Don’t think I’m suggesting it’s primarily a Romanian thing to push to the front at bars – it was an international crowd at the party, and whether you’re at some chic watering hole in Cairo or a dive in Los Angeles, the behavior is all the same. I’m just using the experience to make a wild extrapolation (or an attention-getting introduction – you decide which), but it’s an unavoidable fact, and one of the more underreported characteristics of Romanian cinema, that this country’s films frequently deal with how people treat those they don’t know as “the other.” Personally, as a semi-frequent visitor, I haven’t noticed that Romania is much different in this way than, say, parts of the U.S., or France, but I’m assuming that’s because I don’t live here.
Yet look at the films: The Death of Mr. Lazarescu, with everyone blithely unconcerned that a life is expiring right in front of them. 4 Months, 3 Weeks, 2 Days, with privileged so-called intelligentsia treating Otilia like a country bumpkin who’s barely at their table. The Happiest Girl in the World, where the hapless protagonist is bombarded with the foulest language. Police, adjective, where the lead is reduced to insignificance by his rigid superior. These are random titles from the last decade, but the theme is strikingly clear: people look out only for themselves, behaving in shockingly insensitive ways to those around them.
Many viewers, myself included, ascribed this universal mistreatment to the effects of the country’s communist past, when the secret service fostered an aura of mistrust, tens of thousands were recruited as informers, and the only way to grab onto any rare privilege was to ensure no one else got the same opportunity. Look at some of the films playing at TIFF this edition, and you see the topic remains potent: among the shorts, there’s Scor Alb (Tie) and Black Friday (the latter with a passing thematic hint of Crist Puiu’s Aurora). Among the features, Radu Muntean’s Un etaj mai jos (One Floor Below) sees a decent man used to manipulating “the system” wondering whether to turn in a murderer, and act in the interests of the common good, or keep his mouth shut and (hopefully) protect himself and his family.

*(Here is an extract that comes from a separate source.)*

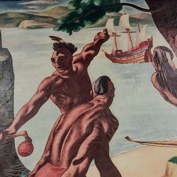 Hyper-masculine Native Americans and colonists populate the first three scenes culminating in a scene that depicts the 1634 Kieft’s War. Smith dramatizes the colonial struggle in a disturbing manner by showing Native Americans attacking  a homestead. In the background, a Native American burns the house; another is killing the plow ox; another is engaged in a mortal battle with a colonist; and another is strangling a woman and about to strike her with a tomahawk.

One of the most cogent demonstrations of the theme is Radu Jude’s Aferim!, which won the Silver Bear in Berlin this year and premieres at TIFF Friday evening. Yet the film is set in 1835, long before the coming of communism. Here, a bounty hunter tracks down a runaway Roma slave, and Jude uses this historical episode to force local audiences to question where this apparent national characteristic comes from. Are its roots in the Securitate’s crushing spy networks, or do they spring from a much earlier period, when a segment of the population was bought and sold and anyone thought of as “different” was subjected to shocking ill-treatment? As far as I’m aware, Jude is the only director to look beyond the last sixty years to ask tough questions about the origins of the Romanian psyche, and the debate he generates should provide fodder for discussion to last far into the coming nights and beyond. So when you’re impatiently waiting for your next drink at the bar, strike up a conversation with that guy who just pushed his way in front of you, and ask: where does rudeness come from?